### Instructions to follow
Reproduce the entire listing exactly as written, apart from its pictures.

::: Raw data :::

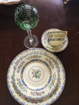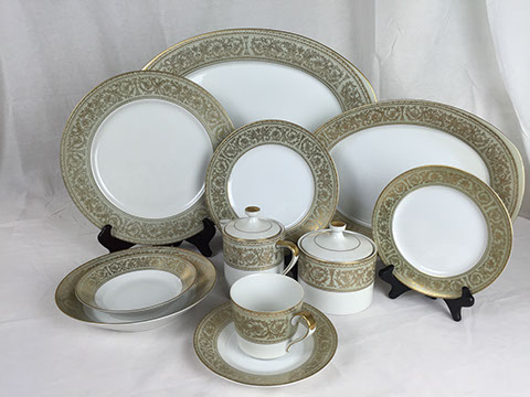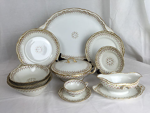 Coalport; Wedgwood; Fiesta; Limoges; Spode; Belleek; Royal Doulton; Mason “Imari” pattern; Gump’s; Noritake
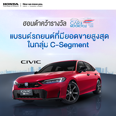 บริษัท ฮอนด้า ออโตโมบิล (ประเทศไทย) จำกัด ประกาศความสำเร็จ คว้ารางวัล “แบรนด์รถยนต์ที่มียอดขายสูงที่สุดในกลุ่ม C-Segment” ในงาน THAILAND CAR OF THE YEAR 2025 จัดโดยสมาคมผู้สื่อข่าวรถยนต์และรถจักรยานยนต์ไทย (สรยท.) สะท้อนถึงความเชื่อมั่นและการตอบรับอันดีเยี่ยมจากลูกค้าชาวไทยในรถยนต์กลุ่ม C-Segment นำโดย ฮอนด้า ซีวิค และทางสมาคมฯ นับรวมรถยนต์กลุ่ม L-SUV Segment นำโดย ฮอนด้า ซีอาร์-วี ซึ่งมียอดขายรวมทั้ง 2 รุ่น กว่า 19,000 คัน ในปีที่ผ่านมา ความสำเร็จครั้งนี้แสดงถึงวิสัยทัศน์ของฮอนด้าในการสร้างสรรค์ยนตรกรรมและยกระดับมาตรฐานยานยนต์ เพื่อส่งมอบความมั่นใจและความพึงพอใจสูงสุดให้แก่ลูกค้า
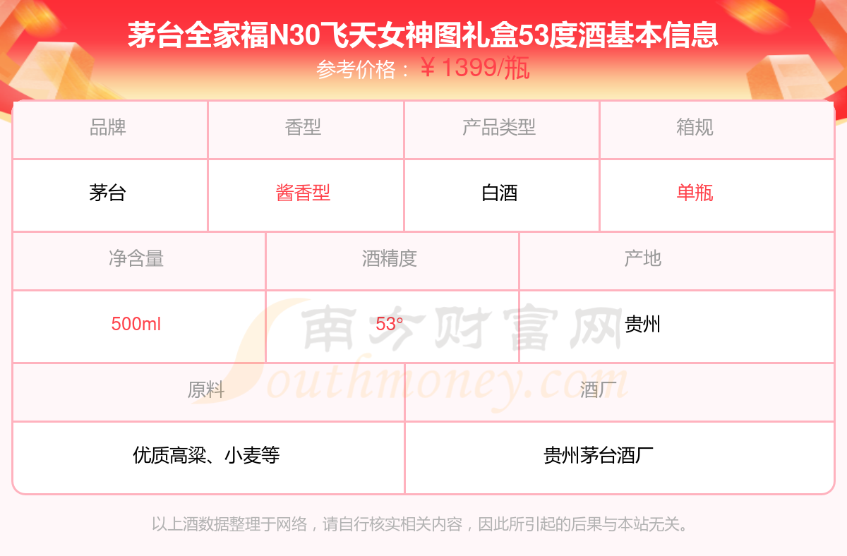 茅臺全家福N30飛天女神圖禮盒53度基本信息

:::

### Answer below
 Coalport; Wedgwood; Fiesta; Limoges; Spode; Belleek; Royal Doulton; Mason “Imari” pattern; Gump’s; Noritake
 บริษัท ฮอนด้า ออโตโมบิล (ประเทศไทย) จำกัด ประกาศความสำเร็จ คว้ารางวัล “แบรนด์รถยนต์ที่มียอดขายสูงที่สุดในกลุ่ม C-Segment” ในงาน THAILAND CAR OF THE YEAR 2025 จัดโดยสมาคมผู้สื่อข่าวรถยนต์และรถจักรยานยนต์ไทย (สรยท.) สะท้อนถึงความเชื่อมั่นและการตอบรับอันดีเยี่ยมจากลูกค้าชาวไทยในรถยนต์กลุ่ม C-Segment นำโดย ฮอนด้า ซีวิค และทางสมาคมฯ นับรวมรถยนต์กลุ่ม L-SUV Segment นำโดย ฮอนด้า ซีอาร์-วี ซึ่งมียอดขายรวมทั้ง 2 รุ่น กว่า 19,000 คัน ในปีที่ผ่านมา ความสำเร็จครั้งนี้แสดงถึงวิสัยทัศน์ของฮอนด้าในการสร้างสรรค์ยนตรกรรมและยกระดับมาตรฐานยานยนต์ เพื่อส่งมอบความมั่นใจและความพึงพอใจสูงสุดให้แก่ลูกค้า
 茅臺全家福N30飛天女神圖禮盒53度基本信息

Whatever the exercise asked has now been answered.